Saying that a decision must be made "certainly by June," Sun ticked off the pluses and minuses of the spin-on materials vs. those, like Black Diamond, based on chemical vapor deposition (CVD).
"From a tool standpoint, the CVD materials are more compatible with the cluster tools we use," he said. "But TSMC has a lot of experience with spin-ons because w e have used that for the back-end [interconnect] dielectrics in the past. But either way we go, it is a struggle. We are doing a lot of work to integrate copper with our CMP [chemical mechanical polishing] approach. And there are mechanical strength issues that relate to packaging.
"The spin-on materials have adhesion and mechanical issues that could make the integration work very difficult," Sun went on. "For the CVD materials, the question is 'how low can you get?' The spin-ons offer lower 'k' values."
Though both types of materials pose integration problems, the spin-ons "maybe have bigger issues," said Sun. At the same time, "they offer more potential, a lower 'k' and higher performance. That is the no-pain, no-gain kind of question facing us now."
Which customers will be the process drivers for TSMC's high-performance process? Executives are somewhat reluctant to answer that question, in part to guard customer confidentiality. But a few companies are known to be eyeing the 130-nm node.
Graphics powerhouse Nvidia Corp., for example, is moving to the 150-nm process for volume manufacturing by the third quarter, and is a sure candidate to quickly adopt 130-nm technology as well.
In addition, TSMC is in the early stages of producing the Joshua and Samuel processors for Via Technologies Inc., and those integrated processors could move to high volumes, provided intellectual-property squabbles with Intel do not present an obstacle. Also, SRAM vendor GSI Corp. and other fabless SRAM vendors are likely to drive TSMC's 130-nm process technology.
With several new fabs now under construction, TSMC needs to attract volume customers that push the density and performance envelopes. Unlike Intel or Texas Instruments, which have processor and DSP lines to turn to for manufacturing volumes, TSMC itself designs no products its 90-odd customers do. The foundry keeps about 10,000 mask sets in storage for them, and runs 16 different process technologies.
"The more performance we can offer, the more customers we can get for the process," said Sun.
Many of those performance-hungry customers will come from the networking space, said Ron Norris, TSMC's senior vice president of sales and marketing. For example, TSMC is the announced manufacturing partner for net processor startup Silicon Spice.

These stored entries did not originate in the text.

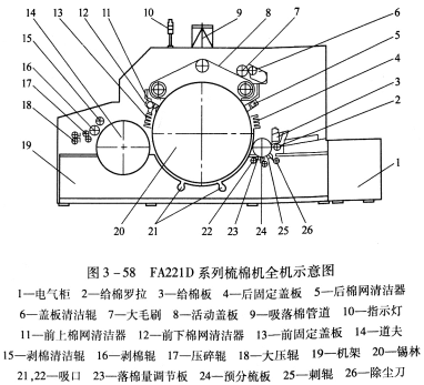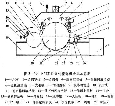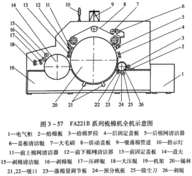 FA221系列梳棉机主要由机架、给棉部分、刺辊部分、锡林部分、道夫部分、剥棉成条部分、活动盖板部分、吸落棉部分、传动部分、气动部分、电气部分等组成,FA221B型、FA221D型和FA221E型的主要结构及配置分别见图3—57—图3—59所示。
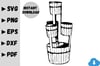 Combination of wood buckets for flowers SVG, Hand drawing wood buckets for flowers SVG, Japanese wood buckets for flowers SVG.
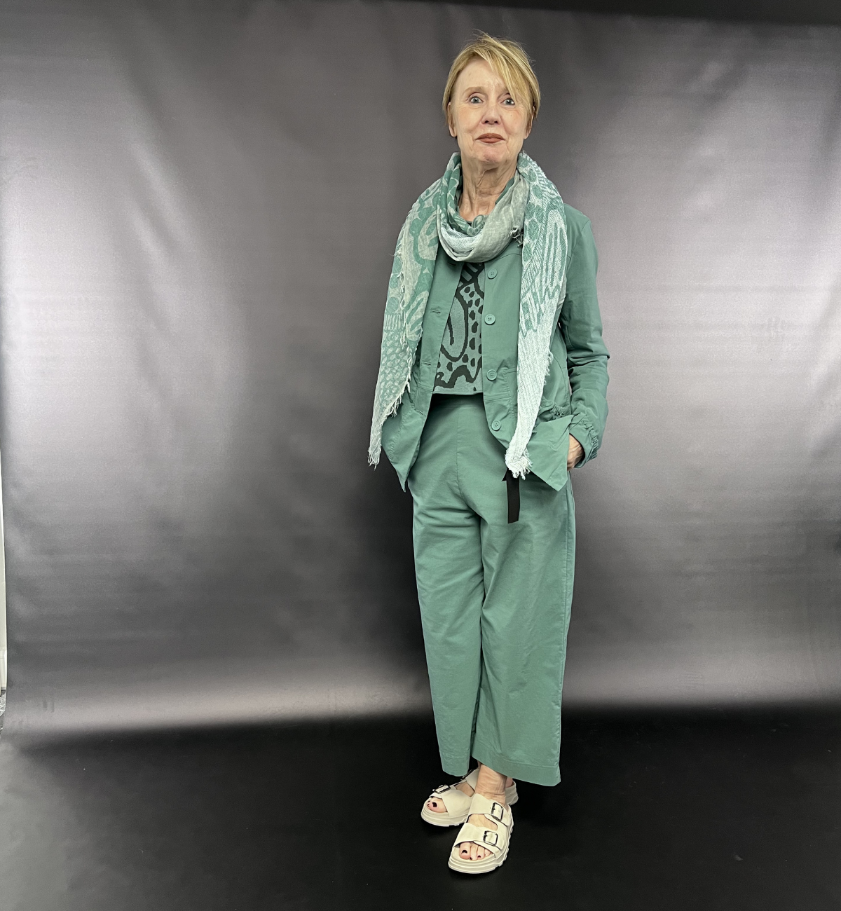 OUTFIT 1 - PAULA STYLES THE 'MINT' COLOURWAY CO-ORD FOR AN EFFORTLESS TRANSITIONAL LOOK.

While Silicon Spice remains in "stealth mode" about its architecture, Gary Banta, the company's vice president of marketing, said Silicon Spice has decided to move to TSMC's 130-nm high-performance process.
Silicon Spice will use a "contemporary" process at TSMC for its first products, but quickly shift gears into 130-nm design rules as soon as the high-performance process is offered in the middle of next year, said company chief Dham, who spent a week in Taiwan recently at TSMC.
"In the past few years, TSMC's process development operation has very consistently over-delivered, going beyond the expectations of their customers," Dham said.
While Silicon Spice and most other customers expect to ship in volumes, some TSMC customers need performance but buy only a few thousand chips per production run. "A mask set at 150 nm can easily cost $200,000 or more, and that is a major concern to our customers, many of which need 10 wafers or less at a time," Chiang said. "One technology we are working very hard on is direct-write electron-beam [lithography]. In some cases customers could use direct-write e-beam only for the most critical mask layers, and in that case we want to match the direct-write e-beam with our own phase-shift-mask process."